Kubernetes sort pods by age [closed]
Asked Answered
T

7

160

I can sort my Kubernetes pods by name using:

kubectl get pods --sort-by=.metadata.name

How can I sort them (or other resoures) by age using kubectl?

Teahan answered 25/7, 2017 at 17:43 Comment(0)
A
239

Pods have status, which you can use to find out startTime.

I guess something like kubectl get po --sort-by=.status.startTime should work.

You could also try:

  1. kubectl get po --sort-by='{.firstTimestamp}'.
  2. kubectl get pods --sort-by=.metadata.creationTimestamp Thanks @chris

Also apparently in Kubernetes 1.7 release, sort-by is broken.

https://github.com/kubernetes/kubectl/issues/43

Here's the bug report : https://github.com/kubernetes/kubernetes/issues/48602

Here's the PR: https://github.com/kubernetes/kubernetes/pull/48659/files

Adhamh answered 25/7, 2017 at 18:59 Comment(8)
@Adhamh is there a way to get a full list of things which can be sorted by in this way?Sadowski
What do you mean by full list of things? You mean all types of resources.Adhamh
Is there a way to reverse sort? So, for example, you can do a watch kubectl and get the newest pods at the top?Jeer
This does not seem to work? error: couldn't find any field with path "{.status.startTime}" in the list of objects - because the pods are still pending perhaps?Eddo
This only works if I also include the -o json or -o wide flags. Tested on 1.7.x and 1.9.xCelle
@JoeJ The kubectl docs don't have a reverse order but you can do that with the tail command. kubectl get pods --sort-by=.metadata.creationTimestamp | tail -r | head -n 1 I used tail -r to revert the output.

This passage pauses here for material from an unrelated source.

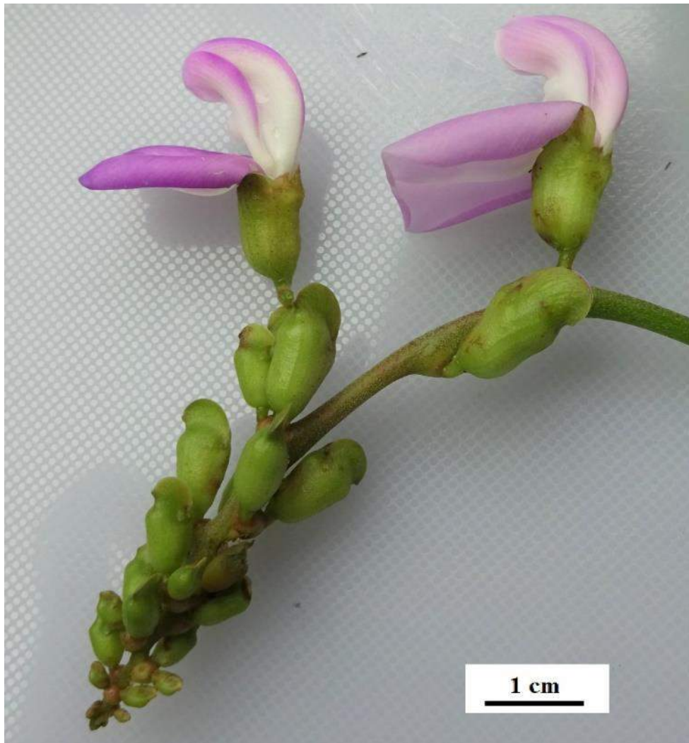
Figura 1. Flores de Canavalia ensiformis (L.)

Then head -n 1 to print the newest podNorthnortheast
The .metadata.creationTimestamp is a better choice as it includes the pending containers which naturally have zero .status.startTime and would therefore appear at the top of the list, not the bottom.Samuelsamuela
@Matthew, you may refer following URL for additional details (hope you already did, but it may help others): kubernetes.io/docs/reference/kubectl/overview/#output-optionsPorous
E
51
kubectl get pods --sort-by=.metadata.creationTimestamp
Eddo answered 20/7, 2018 at 9:41 Comment(2)
I'm getting error: unknown type *api.Pod, expected unstructured in map[reflect.Type]*printers.handlerEntry{} responseCelle
This is useful for sorting the ConfigMaps: kubectl get cm --sort-by=.metadata.creationTimestampRhineland
P
12

If you are trying to get the most recently created pod you can do the following

kubectl get pods --sort-by=.metadata.creationTimestamp -o jsonpath='{.items[-1:].metadata.name}'

Note the -1: gets the last item in the list, then we return the pod name

Prosaism answered 9/10, 2020 at 11:3 Comment(0)
I
4

If you want to sort them in reverse order based on the age:

kubectl get po --sort-by=.metadata.creationTimestamp -n <<namespace>> | tac
Ipswich answered 28/10, 2019 at 18:24 Comment(0)
C
1

This new command (since Kubernetes 1.23) worked perfectly for me:

kubectl alpha events

In contrast, neither of these worked for me (got unsorted events):

  • kubectl get events --sort-by='.lastTimestamp'
  • kubectl get events --sort-by=.metadata.creationTimestamp

I also saw reports that the above failed due to missing event properties: https://github.com/kubernetes/kubernetes/issues/29838#issuecomment-991070746

Ceil answered 5/9, 2022 at 19:57 Comment(0)
T
0

If you want just the name of most-recently-created pod;

POD_NAME=$(kubectl get pod --sort-by=.metadata.creationTimestamp -o name | cut -d/ -f2 | tail -n 1)
echo "${POD_NAME}"
Tortosa answered 31/1, 2022 at 18:4 Comment(0)
P
0

I wanted to see all pods that were updated in the past 24 hours. This worked perfectly well and doesn't rely on a particular version of Kubernetes or Kubernetes advanced parameters besides get pods:

kubectl get pods | awk '{print $1 " : " $5}' | grep -E ':\s([1-9]|[12][0-4])h$' | sort -k3,3

Pender answered 22/4, 2022 at 15:45 Comment(0)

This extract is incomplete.